料理も音楽もないこの場所はあの日と同じく誰もいない。
そう。
君さえも。
僕はぼんやりしたまま空を見上げる。
皮肉なことにこの中庭の遥か上には王の部屋がある。
歴代の王の誰かが花を愛でるのが好きだったと聞いたことがあるが、きっとあの部屋からならば中庭の様子が一望出来たことだろう。
だが、今の王は花よりも女の方がずっと好みだ。
きっと外の景色などに興味はない。
そんな事を考えていた折に。
「は?」
僕は思わず息を漏らしていた。
遥か上空。
王の部屋から人が飛び降りてきたのだ。
この高さから飛び降りれば助かるはずもない。
誰かが助けなければ。
考えるよりもずっと早く僕の身体は動き、飛び降りてきた人物を受け止める。
いや。
受け止め切ることが出来ず、僕はそのまま飛び降りた人物と共に地面に転倒した。
両腕に嫌な衝撃が走る。
少し遅れて痛みが走り叫びそうになる。
だが、どうにかそれを僕は押さえつけた。
僕の胸の中に居る人物が君だったから。
「えっ?」
ほとんど裸と言えるような白い薄布を身に纏った君は間抜けをそのまま形にしたような開いた口のまま呟いた。
「ローレン?」
「カミラ?」
互いに名を呼んで混乱する。
状況が一つも理解出来ない。
何故、君がここに居る?
いや、何故君は飛び降りてきたんだ?
「って、あんた! 腕が変な方向に曲がってるじゃない!」
「誰のせいだと……」
君は慌てた様子で僕の体から離れ、それと同時に君の身体に魔力が走る。
城内の明かりよりずっと温かな光が僕の身体を包み、痛みが徐々に快楽になっていく中で君は驚くほど残酷にあらぬ方向に曲がった僕の腕を強引に引っ張って治した。
「痛っ……」
「我慢して。男でしょ」
混乱する中で僕の体が完治する。
君はほっと一息つくと僕と重なった視線にようやく気づいたかのように言った。
「それで。種馬が何でこんなところにいるの?」
慌てて被った仮面の滑稽さに僕は笑った。
真っ赤に染まった赤い顔と微かに漂う酒の香り。
どうやら君は随分と酒を飲んでいるらしい。
「それはこちらの台詞だ女王陛下。足でも滑らせたか?」
「女王陛下、ね。それ私が嫌がるって分かってて言っているでしょ?」
「質問に答えられないのか?」
「答える必要ある? この状況で、この場面で、そしてこの高さで」
君は月明りで染まり青白く光っている身体についた葉を叩き落とし、少し迷った後に乱れていた髪の毛を手櫛で整える。
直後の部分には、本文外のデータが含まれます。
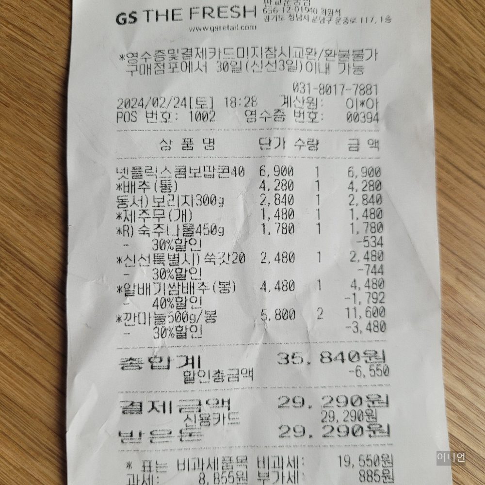 오늘 장 본  GS더프레시 장보기 결제 금액은 합계 29,290원입니다. 자세한 사항은 내돈내산 GS더프레시 영수증 참고바랍니다. 장본 날짜는 2024. 2. 24일입니다.
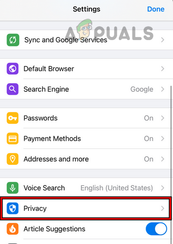 Open Chrome Settings on iPhone - Now open Settings and select Privacy.
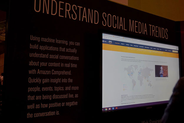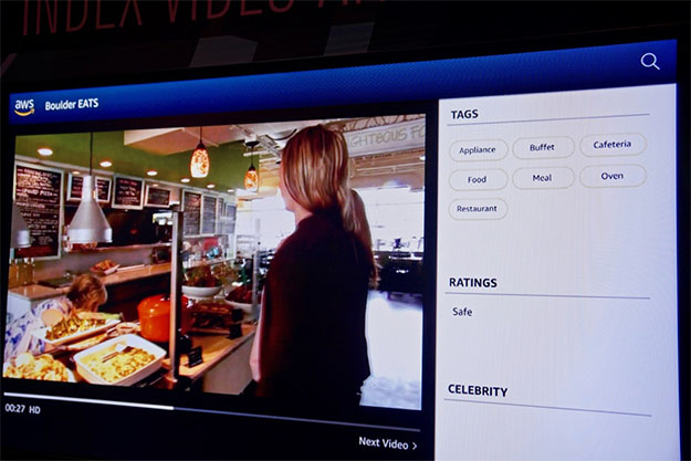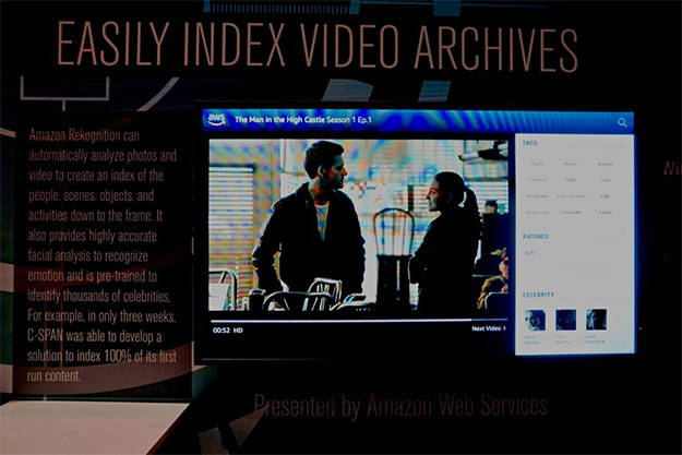 今年のNABの傾向として、一気にAIやマシンラーニングが表舞台に上がってきた感がある。これは数年前からの社会全般の傾向であるが、映像・放送業界にも広がってきた。この領域で中心にいるのはAmazon AWSである。NABではAWSが提供しているさまざまな画像や言語の認識や解析のサービスを、AWS自身はもちろん、様々なパートナーがデモしていた。セントラルホールのメイン通路では、AWSは3つのデモを行った。
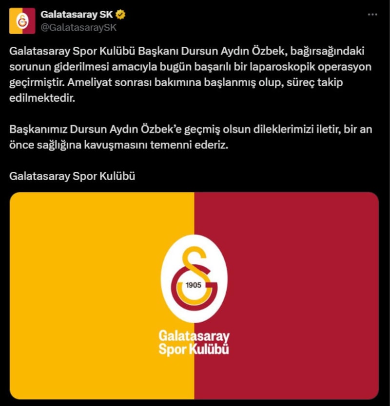 Sarı-kırmızılılar, Özbek'in başarılı bir laparoskopik operasyon geçirdiğini duyurdu ve geçmiş olsun dileğinde bulundu.
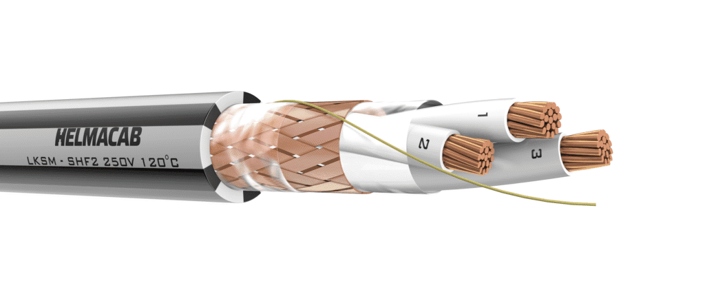 Improved heat resistant SHF2 (120 °C), IEC 60092-360 Standard colour black with grey stripes, other colours on request
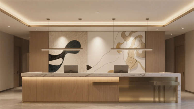 這個酒店設(shè)計以現(xiàn)代簡約風(fēng)格為核心,通過統(tǒng)一的色調(diào)和元素,創(chuàng)造出和諧而優(yōu)雅的空間體驗。大堂作為入口,以淺木色和白色為主調(diào),配以舒適的沙發(fā)和綠植,營造出welcoming的氛圍。前臺延續(xù)簡約理念,木質(zhì)柜臺和藝術(shù)細節(jié)彰顯精致感。餐廳采用開放式布局,木質(zhì)桌椅和吊燈的點綴,讓用餐時刻充滿輕松與自然氣息。酒吧區(qū)則以深色吧臺和暖光照明,提供私密而時尚的社交空間。客房設(shè)計注重舒適與隱私,大窗戶引入城市景觀,簡約家具確保寧靜的休憩環(huán)境。會議室專業(yè)而高效,中性色調(diào)和隱藏照明支持專注的商務(wù)活動。健身房融入鏡面和綠植,活力十足又不失簡約美感。水療區(qū)則強調(diào)寧靜,柔和燈光和自然元素促進身心放松。整個項目強調(diào)人與環(huán)境的連接,每個功能區(qū)都服務(wù)于寧靜與精致的整體體驗,為賓客打造難忘之旅。
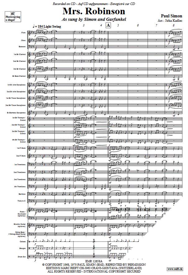 Mrs. Robinson - hier klicken Mrs. Robinson (Blasorchester), Partitur
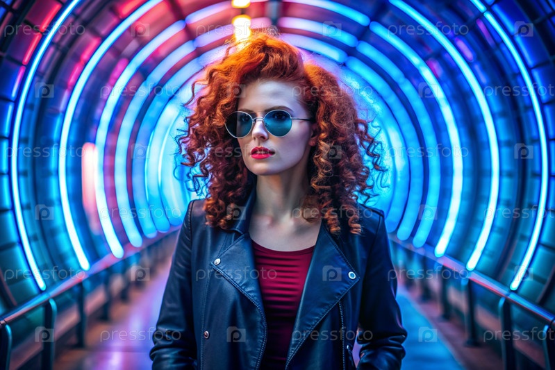 Молодая стильная красивая девушка в солнцезащитных очках стоит в неонном туннеле среди неоновых вывесок
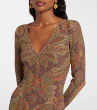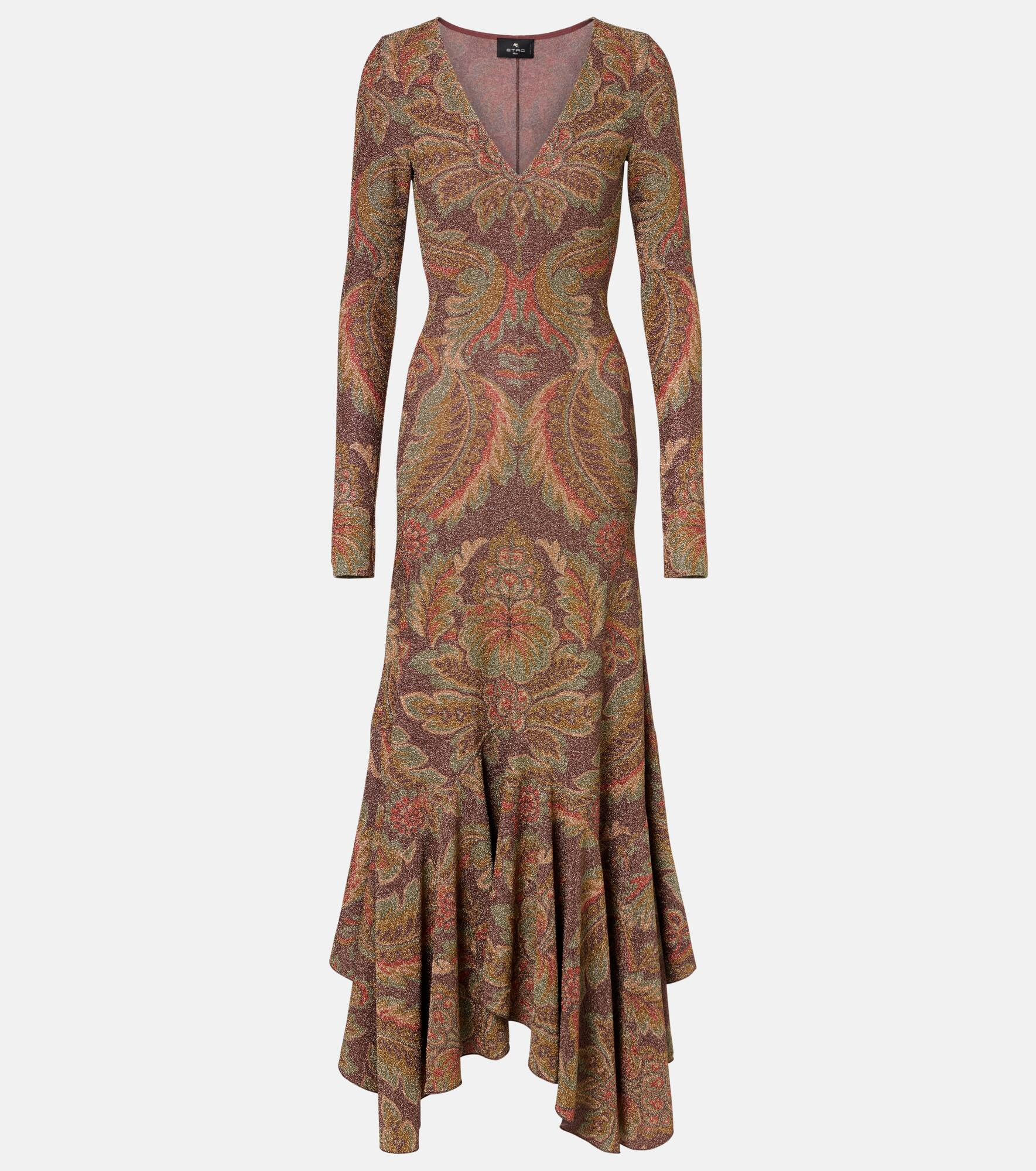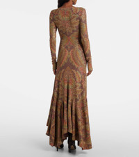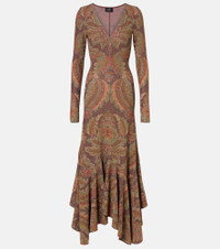Gerolamo and Roberta Etro's love for antique prints and patterns remains a cornerstone of Etro today. Made from terry jersey with lame threads, this gown is enriched with a sophisticated floral motif, a plunging V-neckline, and an asymmetric hem. Product Details - Material: 65% polyamide, 30% polyester, 5% elastane - Care instructions: dry clean - Made in Italy - Designer color name: Print On A Black Base - Item color: multicolor - Collar: V-neck - Item number: P01072955 Size & Fit - True to size - Fitted - Stretchy fabric - The model seen in the picture is 178cm-5'10" and wearing a size IT 40

紅潮した頬はまるで恥ずかしさを隠しているようにも思えたが、きっと気のせいなのだろうと僕は思った。
「あぁ……」
君は自分が落ちてきた中庭を見回して呟いた。
「死のうとしたのに生きている。本当にこの場所って最悪」
君の呟きは夜の闇の中にぽつりと落ちたのを僕は見つめるばかりだった。